The Flintstones: Prehistoric

How Spouses Fight
The Brady Bunch: They don’t.
The Bradys: Infrequently, but it happens
Married…With Children: Tooth and nail
Thirtysomething: They stop talking
The Flintstones: Fred and Barney go bowling while Wilma and Betty max out their charge cards.

How Kids Get Into Trouble
The Brady Bunch: Greg takes a puff of a cigarette.
The Bradys: Carol’s grandson steals her business cards and sticks them in the spokes of Bobby’s wheelchair.
Married…With Children: By committing felonies
Thirtysomething: Ethan plays with a forbidden toy rocket.
The Flintstones: They don’t.

How They’re Punished

The Brady Bunch: ”It’s not what you did, honey — it’s that you couldn’t come to us.”
The Bradys ”Next time, ask.”
Married…With Children: By the authorities
Thirtysomething: It blows up in his face.
The Flintstones: They’re not.

What Family Does For Fun
The Brady Bunch: Takes special three-part vacations to Hawaii and the Grand Canyon
The Bradys: Has flashbacks
Married…With Children: Exchanges insults
Thirtysomething: Talks
The Flintstones: Attends showings of The Monster at the Bedrock Drive-In

Unsolved Mysteries
The Brady Bunch: How exactly did Carol’s first husband and Mike’s first wife die?
The Bradys: What’s with Marcia’s new face and Bobby’s blonde hair
Married…With Children: What kind of hair spray does Peg use?
Thirtysomething: Why did Nancy take Elliot back? What do Gary and Susanna see in each other?
The Flintstones: How does Barney’s shirt stay on if he has no shoulders? Where do Fred and Wilma plug in their TV?

Worst Behavior
The Brady Bunch: The Brady children once made Alice feel under-appreciated.

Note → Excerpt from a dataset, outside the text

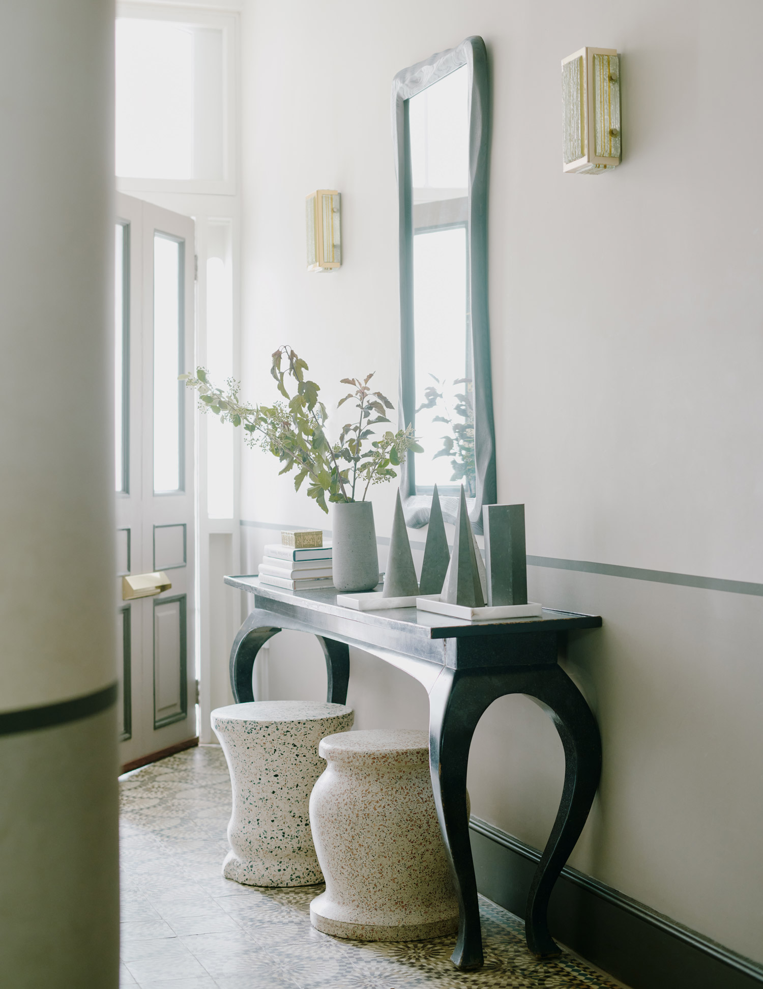 There is a harmonious balance to the house. It is elegant and playful, and we pushed the boundaries but not at the expense of it being liveable. We wanted to create a multi-layered, stimulating sensory experience for our clients. We explored materials, colour and form and juxtaposed these with contemporary and vintage finishes.

The Bradys: Marcia’s son Mickey watches Bobby’s car-crash tape for fun.
Married…With Children: The Bundy’s kill their neighbor’s dog.
Thirtysomething: Elliot has an affair and talks about it.
The Flintstones: Characters don’t wear under-clothes.

Best Reason To Watch
The Brady Bunch: This is what life should be.
The Bradys: They’re all grown-ups now!
Married…With Children: Terry Rakolta hates it.
Thirtysomething (Tie) This is your life. This isn’t your life.
The Flintstones: This is what life might have been.

Best Reason Not To Watch
The Brady Bunch: Blurred vision from rerun overdoses.
The Bradys: You’re all grown-ups now.
Married…With Children: She has a point.
Thirtysomething: After a while, you think it’s real.